Hydrogels have a very similar molecular structure to cartilage and they support the growth of cells to encourage healing around the site. But historically it has been a challenge to create recipes for hydrogels that have the same strength as human cartilage and are 3-D printable.

The researchers decided to experiment by combining a stiffer, stronger hydrogel with a softer, more flexible hydrogel to create a double-network hydrogel. They adjusted the amounts of the two hydrogels to achieve a formula that best matches human cartilage.

An ingredient called nano particle clay was also added to make it 3-D-printable. The team then took a CT scan of a plastic model of a knee and used the information to 3-D print new menisci using the double-network hydrogel.

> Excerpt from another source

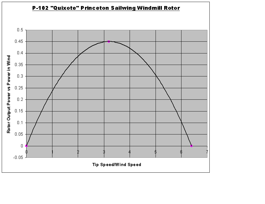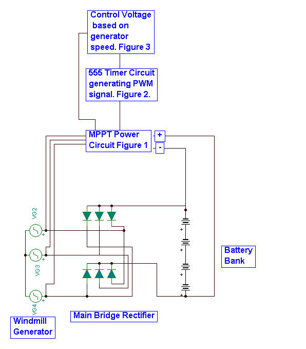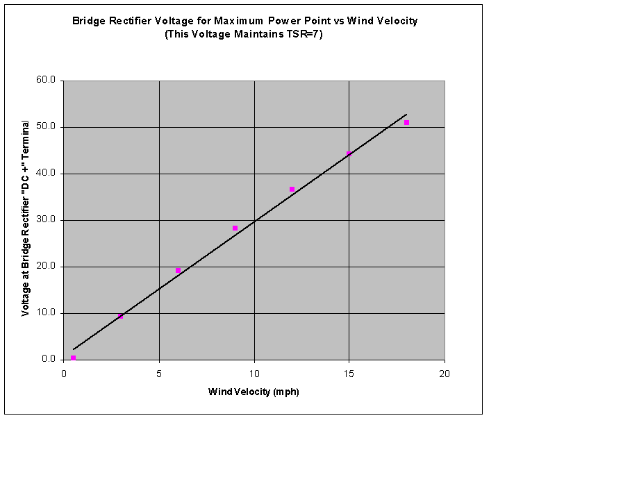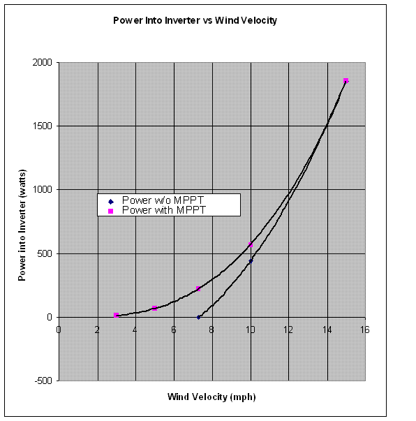 Windmill DIY Analog MPPT Circuit Design and Construction Purpose: I would like to share the design of my Windmill maximum power point tracking (MPPT) circuit in enough detail so someone with some electronics experience could make it for their windmill. I am pleased with the performance, so far. Here is a plot of performance data with and without MPPT: Shown are two plots; one with mppt, the other without. Notice the increase in power delivered to the inverter with mppt. This is especially significant for South Central PA with average wind velocities less than 8 mph. Background: The design requirements that I imposed on this circuit are listed below: 1. The circuit should operate in parallel with the main rectifier bank. 2. The circuit should load the windmill generator so the blades operate near their design tip speed ratio (TSR) for wind velocities between 3 miles per hour (mph) up to the design point wind velocity where the blade TSR naturally occurs. This design point velocity for my 20 foot diameter windmill and generator (shown here: http://www.fieldlines.com/story/2009/3/2/171331/4786) is about 18 mph. 3. The circuit should cut in at wind velocities approaching 3 mph and cut out at wind velocities exceeding the design point (18 mph). This is done to avoid overloading circuit components. Besides, there is little energy available at wind speeds under 3 mph. At wind speeds over 18 mph, I am starting to shed some power through furling and stall and don’t need MPPT. 4. Use analog components that are readily available at Radio Shack or on eBay. Approach: There are three basic sub circuits that make up the MPPT system. The block diagram for the MPPT circuits is shown below: These sub circuits, are: 1. Power shown in Figure 1.This circuit takes power from the generator and transfers it to the battery bank. It receives a pulse width modulated (PWM) signal from a 555 timer circuit that is used to control the voltage at the bridge rectifier “DC+” terminal. Controlling this voltage sets the power transferred to the battery and regulates the load on the generator to assure MPPT. 2. The 555 timer circuit is shown in Figure 2. It generates the PWM signal as a function of a voltage proportional to generator speed. 3. The circuit that generates the pulse width control voltage proportional to generator speed is shown in Figure 3. This voltage is also tailored to cause cut in and cut out the MPPT system. The details of these circuits are shown, below: 1. Power (Figure 1) The power portion of the circuit is shown here: It is a relatively standard boost converter design whose purpose is to load the generator so it operates at the design TSR for a wide range of wind speeds. This is achieved by controlling the DC “+” voltage at the bridge rectifier. 2. PWM Circuit (Figure 2) The PWM circuit uses a 555 timer circuit set up to create a 10khz pulse modulated with a voltage signal ranging from about 4 volts (0% pulse width) to about 8 volts (100% pulse width). 3. Control Voltage (Figure 3) The pulse width control voltage portion of the circuit is the brains of the MPPT system. The circuit is shown below: D: Performance: One question that could be asked, is: “How does this circuit provide MPPT through out the selected wind speed range?” The following is my answer: Optimally loaded wind turbines run at about half their unloaded rpm at their design TSR. This can be seen in measured data such as that provided by Princeton University for their sail wing design. Princeton’s data are shown below: You can see that peak power occurs at roughly one half the unloaded TSR; For example, my 20’ diameter windmill was designed for a TSR=7. Unloaded, it will run at a TSR approximately = to 14. Our windmills charging a battery bank without MPPT will operate at the design TSR at only one wind velocity. For example, my 20 foot diameter windmill starts making power (“cuts in”) at 7.3 mph with a TSR ~14. Its design TSR is 7. As the wind velocity increases, the operating TSR reduces from 14 to 7 as the wind velocity increases from 7.3 to 18 mph. Above 18 mph, the TSR moves from 7 toward 0. This all occurs with a battery voltage ~ 52 volts. There are ways to load the wind turbine so it operates at its design TSR for all wind speeds above cut-in. One way involves changing the “apparent” battery voltage in proportion to wind velocity. The boost converter shown in Figure 1 does this by controlling the voltage (Vr) at the “DC+” terminal of the bridge rectifier. The output of the boost converter is clamped at the battery voltage. Vr is related to the design TSR, as shown in the following equation: Vr = generator voltage * 3^^.5 at design TSR - I * R drop in generator and line - drop across bridge rectifier I solved this equation for my windmill and have plotted the results below: (Don’t worry; you won’t have to calculate this for yours, if you don’t want to. There is a simpler way.) I’m showing this for those interested in the physics. Notice the almost linear relationship between Vr and wind velocity. This occurs because the IR voltage drop through the generator and line resistances are small compared to generator voltage. This simplifies the controls. It also, makes Vr proportional to generator speed, especially at low wind velocities where generator current is low. The MPPT circuit potentiometers are adjusted to achieve the above Vr, as shown in the System Alignment section, below. In effect, it uses the Boost circuit to provide an apparent battery voltage as a function of wind velocity. The 555 timer circuit of Figure 2 provides a PWM signal to the MOSFET gates in Figure 1. The pulse duty cycle varies in a way to provide Vr, as a function of wind velocity. The relationship that works for my 20’ is shown below: This relationship can be achieved by analysis or by using the system alignment procedure covered below. The system alignment procedure is a better choice than analyses because it account

The entire process from the time of the CT scan to the finished 3-D printed menisci took only about a day. In addition, the 3-D printer that was used cost $300.

Customized 3-D-printed implants are already being used for hip replacement, cranial plates and spinal vertebrae procedures.

In February, researchers at Mayo Clinic developed a 3-D printed bioabsorbable scaffold that can reconstruct ruptured anterior cruciate ligaments in the knee and deliver a protein that promotes bone regeneration.

"This is really a young field, just starting out," said Wiley. "I hope that demonstrating the ease with which this can be done will help get a lot of other people interested in making more realistic printable hydrogels with mechanical properties that are even closer to human tissue."